Spiclomazine suppresses cancer cell survival.

Figure 2: Spiclomazine suppresses cancer cell survival. (A) Cells were treated with the indicated concentrations of Spiclomazine for 48 hours and then assessed by CCK-8 assay kit. Presented data is the mean ± SD of three independent experiments. (B) After 24 hours adherence, BxPC-3 cells seeded on glass-bottomed plates (100 cells/plate) were treated with the indicated concentrations of Spiclomazine for 24 hours. Then, the apoptotic Annexin V-FITC (top panel) and DAPI nuclear staining (bottom panel) images were taken by confocal-laser scanning microscope. The scale bar was 20 μm. (C) Effect of Spiclomazine on the expression levels of proteins related to the apoptotic pathway was examined by using WB analysis. Representative blots of respective proteins were displayed. β-Actin was used as the internal control.

The high efficacy and selectivity against cancer cells give us the motivation to investigate the underlying mechanism. As shown in Figure 2B, Spiclomazine-treated cells exhibited typically apoptotic characteristics, such as phosphatidylserine externalization and nuclear fragmentation, in BxPC-3 cells. To clarify the mechanism responsible for Spiclomazine-induced apoptosis, the expression levels of proteins in the apoptosis related pathways and the activation of Caspase-3 and Caspase-9 were experimentally examined in BxPC-3 cells (Figure 2C). Treatment of cells significantly decreased the expression levels of anti-apoptotic proteins Bcl-xl and Bcl-2, but increased the expression level of pro-apoptotic protein Bax. Simultaneously, Spiclomazine activated significantly the expression levels of Caspase-3 and Caspase-9 in a dose-dependent manner and eventually led to apoptotic death in BxPC-3 cells. The effect of Spiclomazine on apoptosis induction in BxPC-3 cells is similar to those in MIA PaCa-2 and CFPAC-1 cells [13] as well as SW1990 and Capan-1 cells [14]. This suggests a contribution of the oncogenic apoptosis induction mechanism for the cell survival inhibition.

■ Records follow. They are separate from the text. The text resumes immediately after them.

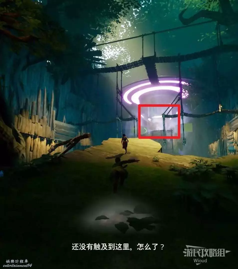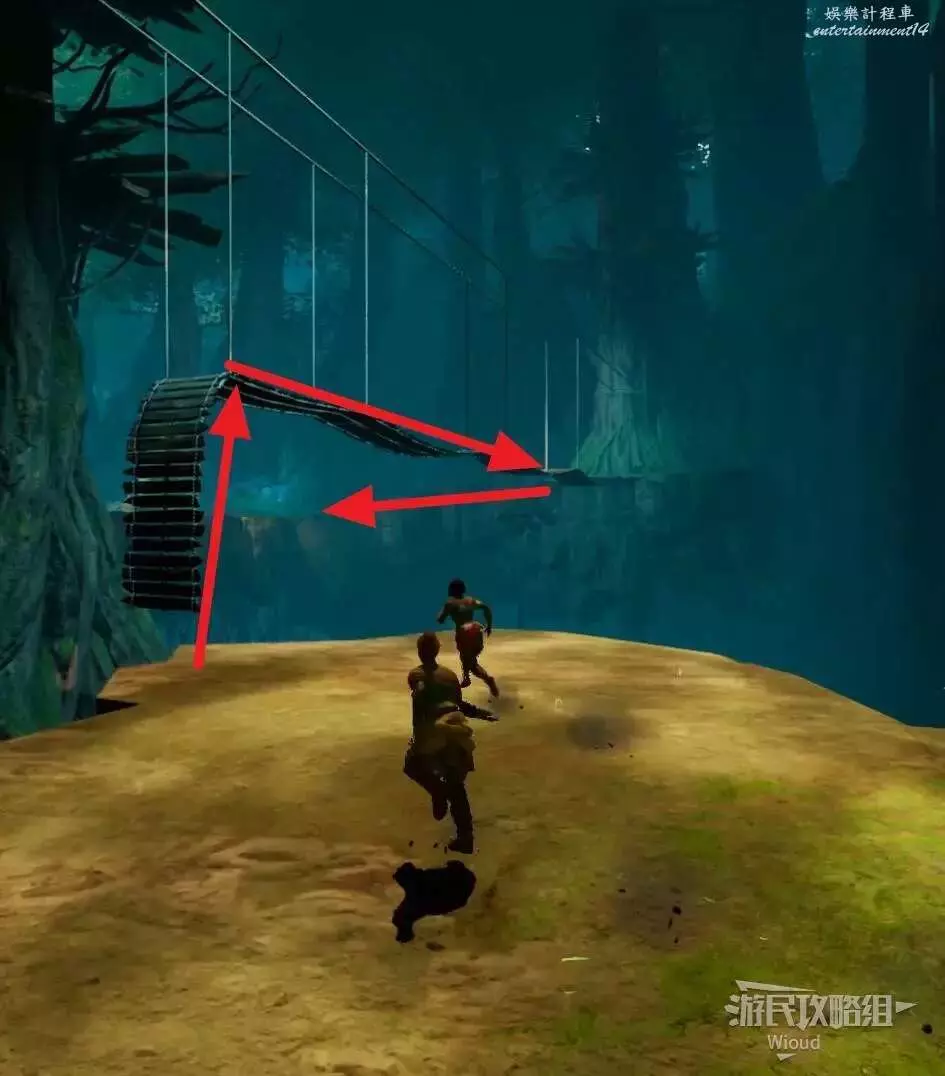 繼續通過數個鉤爪點移動,直到看到一個木柱子,爬到木柱子頂端,跳到右側高處,爬一段樓梯再合作開一扇門進入任務二階段。
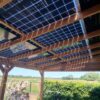 Een prachtige en kwalitatief een hoogwaardige houten veranda met een dak van zonnepanelen voor het opwekken van duurzame energie.
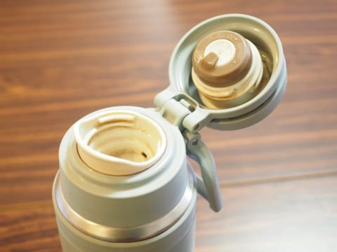 「JOY-750」のフタは、少し回すだけで開けられる。スクリュー式だけれど、何度も回す必要がなく開けやすい。水筒を急に傾けてもドバッと中身が流れ出さない飲み口もちょうど良い。水筒の底部にはラバー製のカバーがあるため、テーブルの上に置く際に静かなのも気に入っている。そうした点は、オフィスでの利用にもおすすめしたい。

KRas is the main cellular target of Spiclomazine

To rule out off-target contributed to the cell killing effect, we start monitoring whether KRas is indeed interacted with Spiclomazine in intact cells. If a cellular protein is bound by a compound, it is stabilized by the physical engagement compared to the non-engaged counterpart [19]. Based on the target engagement principle, we perform the cellular thermal shift assay (CETSA) that enables us to examine for target engagement in vivo. The whole-cell CETSA with Spiclomazine was analyzed for thermal stabilization of KRas in the both MIA PaCa-2 and BxPC-3 cell lines. When compared to cells treated by vehicle, Spiclomazine efficiently stabilized KRas to a certain extent with increasing the denaturation temperature (Figure 3A). Obviously, Spiclomazine more strongly interacts with and stabilizes KRas in MIA PaCa-2 (KRasG12C) cells than does in BxPC-3 (wild-type KRas) cells at the high denaturation temperature ranging 56~60ºC. This observed difference validates the differential target engagement within cells. To further examine the specificity of Spiclomazine for KRas, KRas oncogene was knocked down in MIA PaCa-2 cells with specific short interfering RNA (siRNA). The number of KRas proteins was reduced in siKRas cells than in both control and negative control (siNC) cells (Figure 3B). In colony formation assay, Spiclomazine showed no further inhibition of or less extent of inhibition to colony formation after KRas knockdown when compared to siNC cells at the high concentrations of 3~5 μg/mL (Figure 3C and Supplementary Figure 4). The feeble inhibitory effect of Spiclomazine on the colony formation can be attributed to the incomplete knocked down KRas in siKRas cells. The observation strongly supports the conclusion that the cell survival inhibition caused by Spiclomazine largely depends on KRas. This further supports an on-target mechanism of action.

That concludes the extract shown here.